For those with an interest in contemporary literature, the Thomas Wolfe lectures are an annual treat. Named after distinguished UNC alumnus Thomas Wolfe (author of the novels Look Homeward, Angel and Of Time and the River), the award was established in 1999 with an endowed gift to the Department of English & Comparative Literature. This year, the speaker is renowned author Dorothy Allison.

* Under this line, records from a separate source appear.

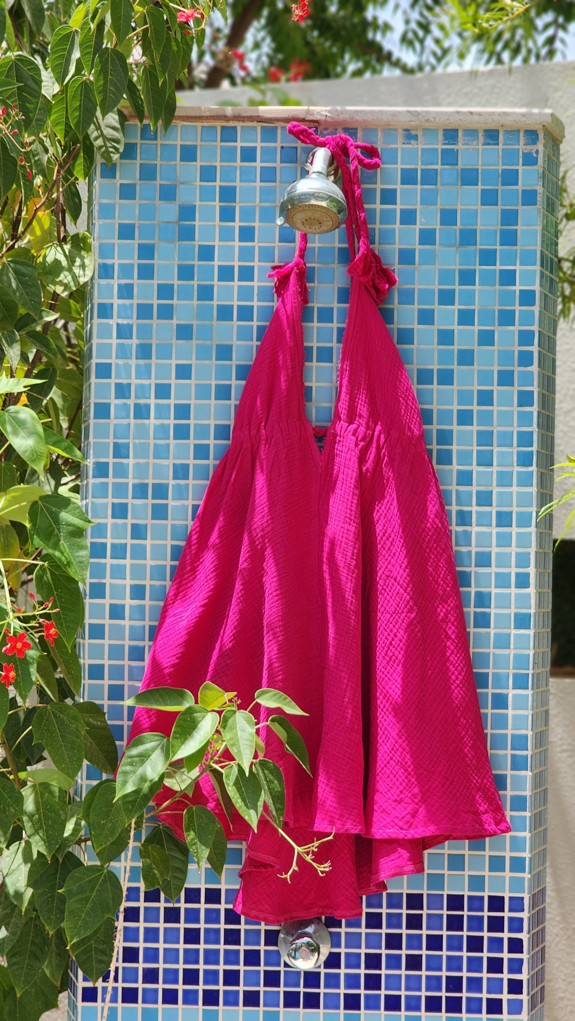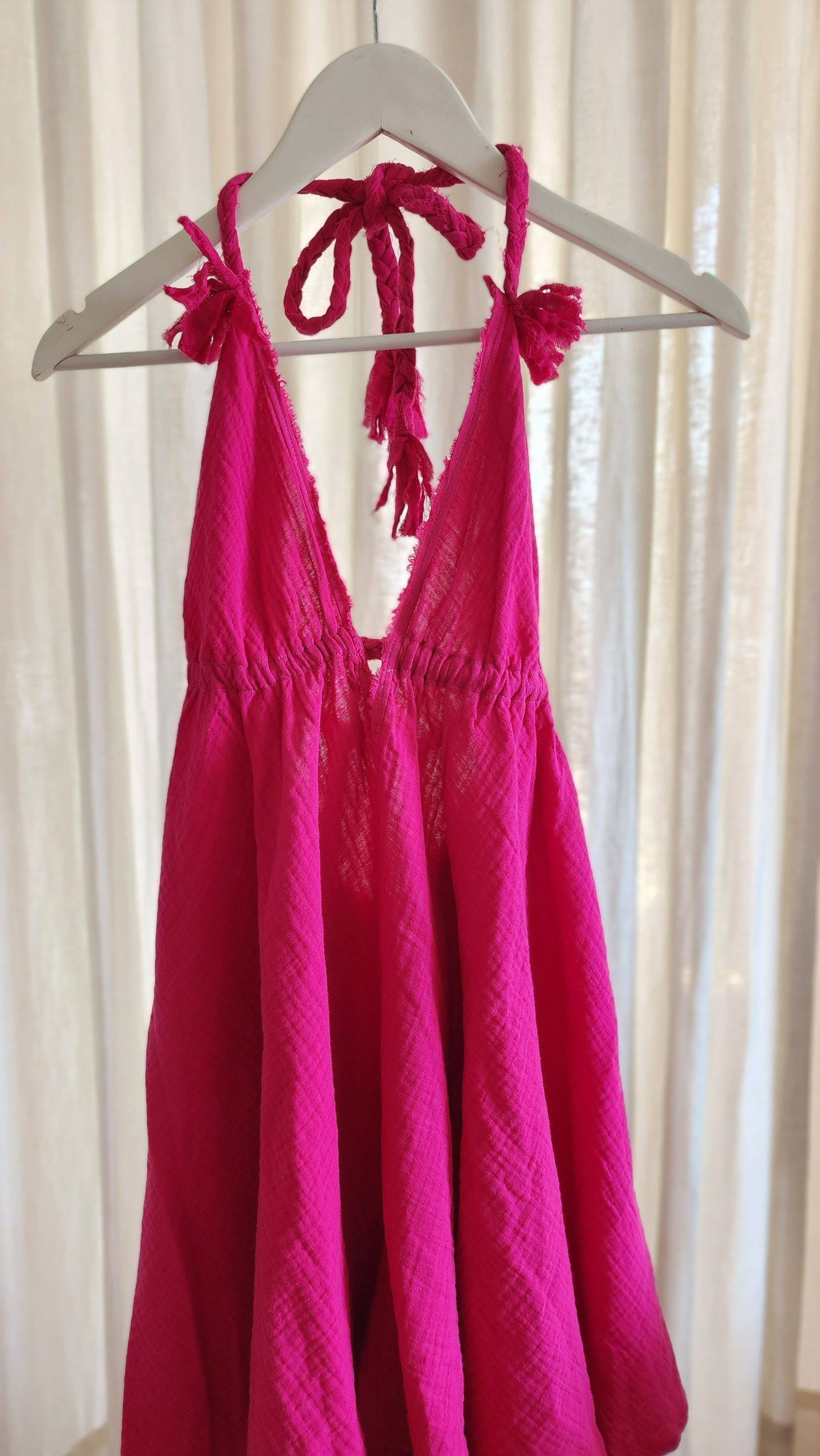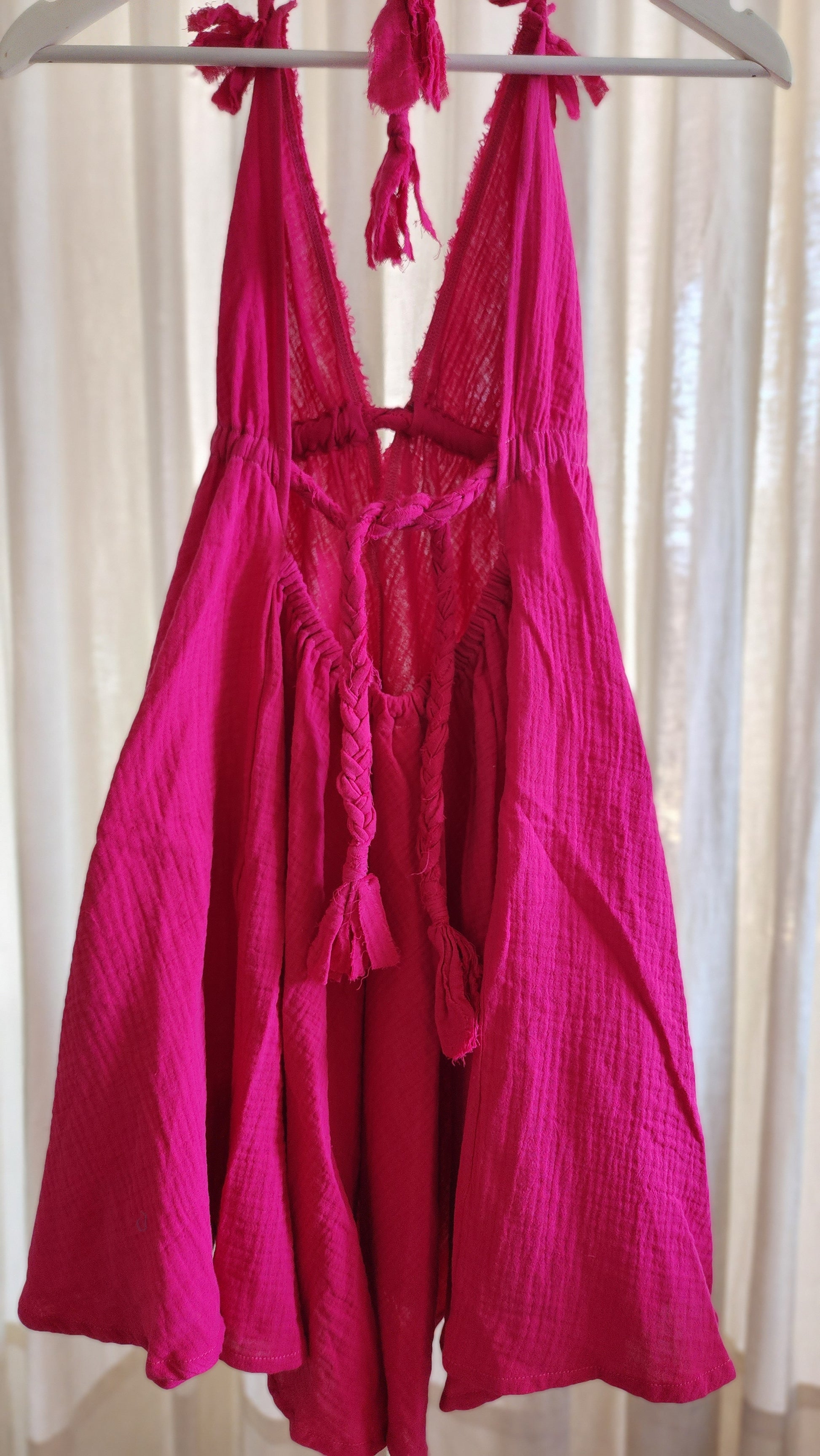 Short A-line Dress, designed for a flattering fit with adjustable braid straps around the waist and neck, ensuring a customized and stylish look.
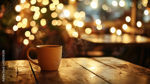 Warm coffee cup on rustic wooden table in cozy illuminated cafe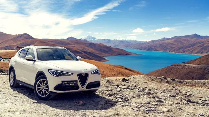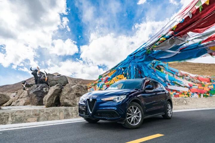 所以这次西藏行,从林芝开始一路驾驶Stelvio,翻过雪山,穿过丛林,路过村庄,征服各种地形,抵达一个又一个的高度,在西藏壮美的山峦下,阿尔法罗密欧独具一格的盾形进气格栅,更显赛道之王的霸气。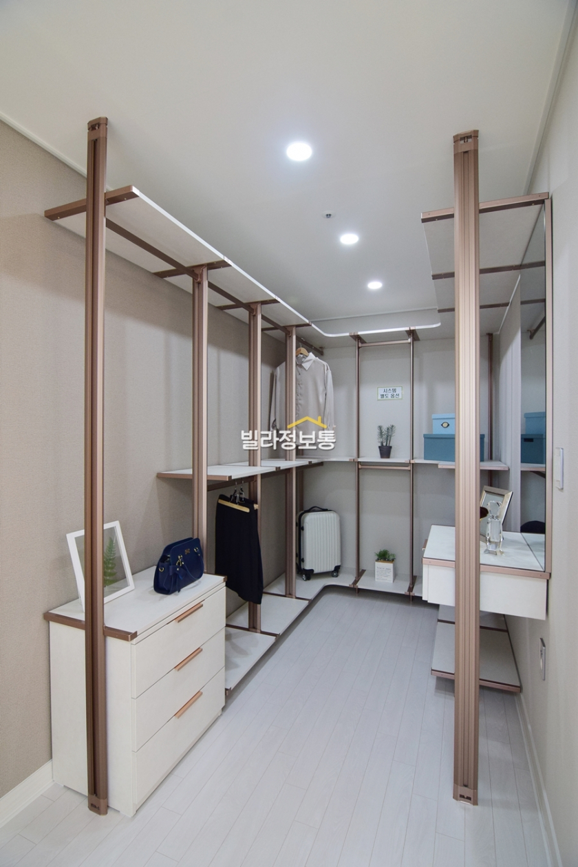 ■ 부평동신축빌라 현장은 공통옵션사항에 시스템 에어컨은 각 2대씩, 안방에는 드레스룸이 설치되었구요. 펜트리가 따로 있어 잔 짐 보관이 편리합니다.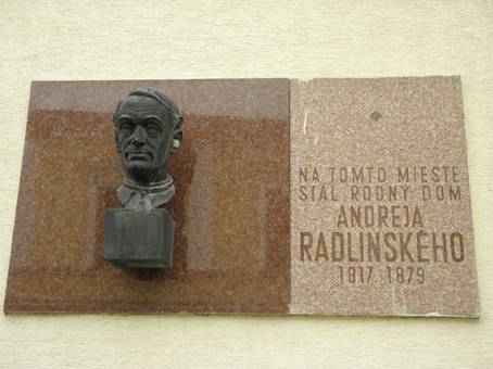 buditele, jazykovědce a žurnalisty Andreje Radlinského severně od náměstí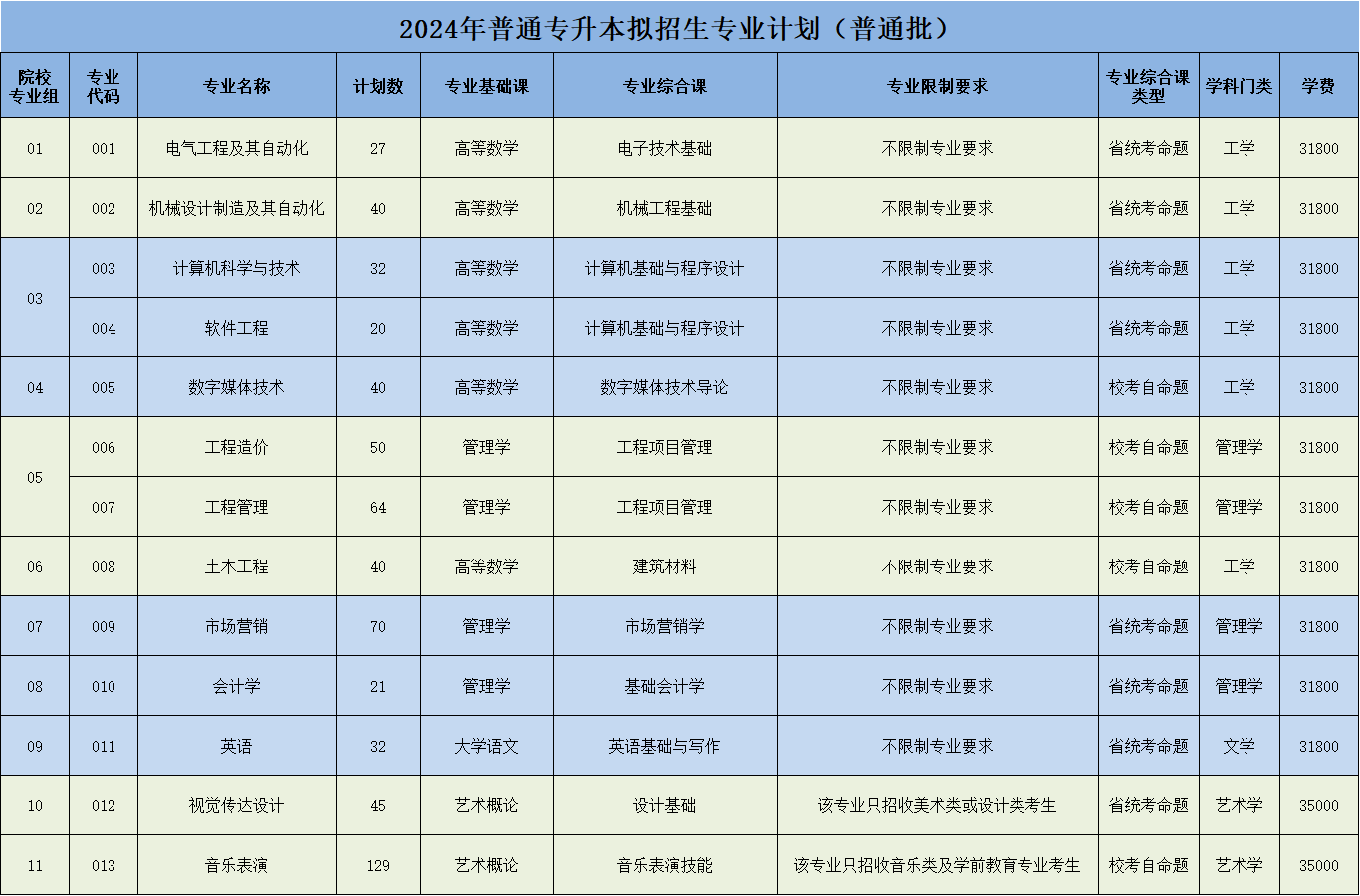 122cc太阳集成游戏2024年普通专升本招生专业计划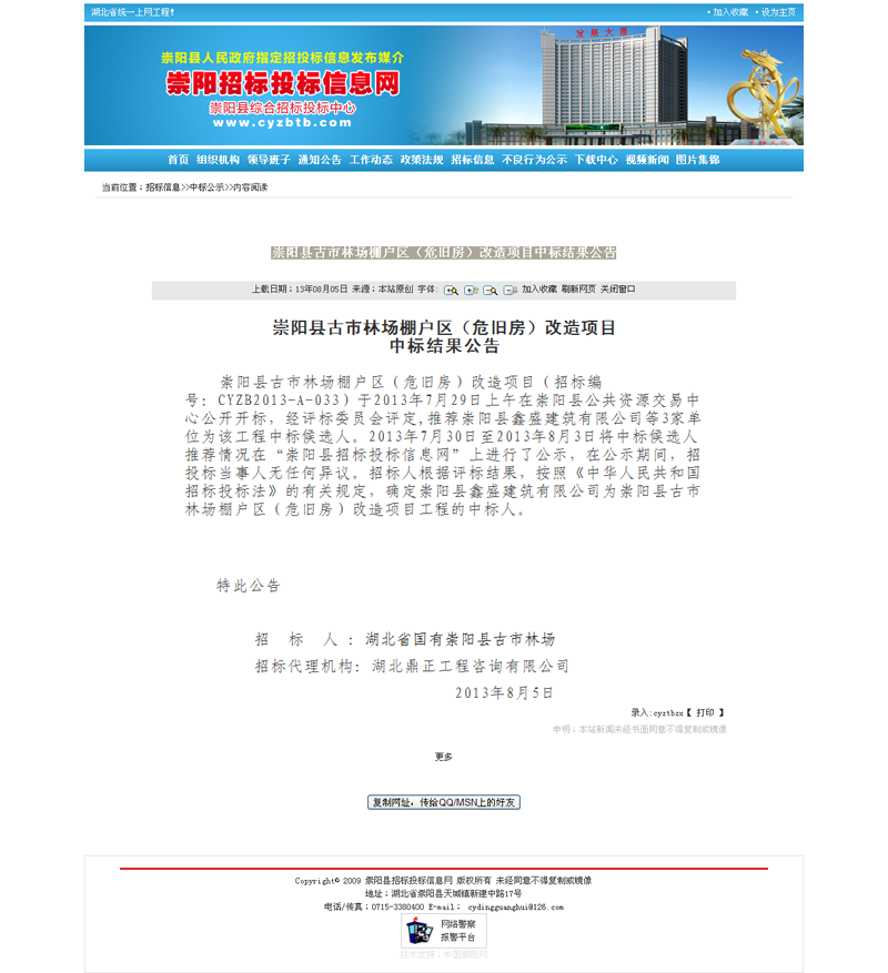 崇陽縣古市林場棚戶區(qū)(危舊房)改造項(xiàng)目中標(biāo)結(jié)果公告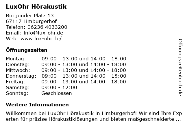 | Öffnungszeiten LuxOhr Hörakustik in Limburgerhof anzeigen | |

Allison, born in 1949 in Greenville, South Carolina, has published the novels Bastard out of Carolina (1992) and Cavedweller (1999), the short story collection Trash (2002), and the essay collection Skin: Talking about Sex, Class and Literature (2004), among other books of poetry and prose. Her work is anchored in her biographical experience growing up as a lesbian in the working class South. Her writing has been praised by outlets such as The New Yorker, The New York Review of Books, and the San Francisco Chronicle, and by the novelist Barbara Kingsolver.

Her first novel, Bastard out of Carolina, received the Ferro Grumley Award and the ALA Award for Lesbian and Gay Writing (now the Stonewall Book Awards) and was a finalist for the 1992 National Book Award. Cavedweller, named a New York Times Notable Book of the Year, again won an ALA Award and was a finalist for the Lillian Smith Prize. Her short story “Compassion” was selected as one of the Best American Short Stories for 2003 and included in Best New Stories from the South 2003. In 2007, Allison was awarded the Robert Penn Warren Award for Fiction. She is a board member of the Fellowship of Southern Writers.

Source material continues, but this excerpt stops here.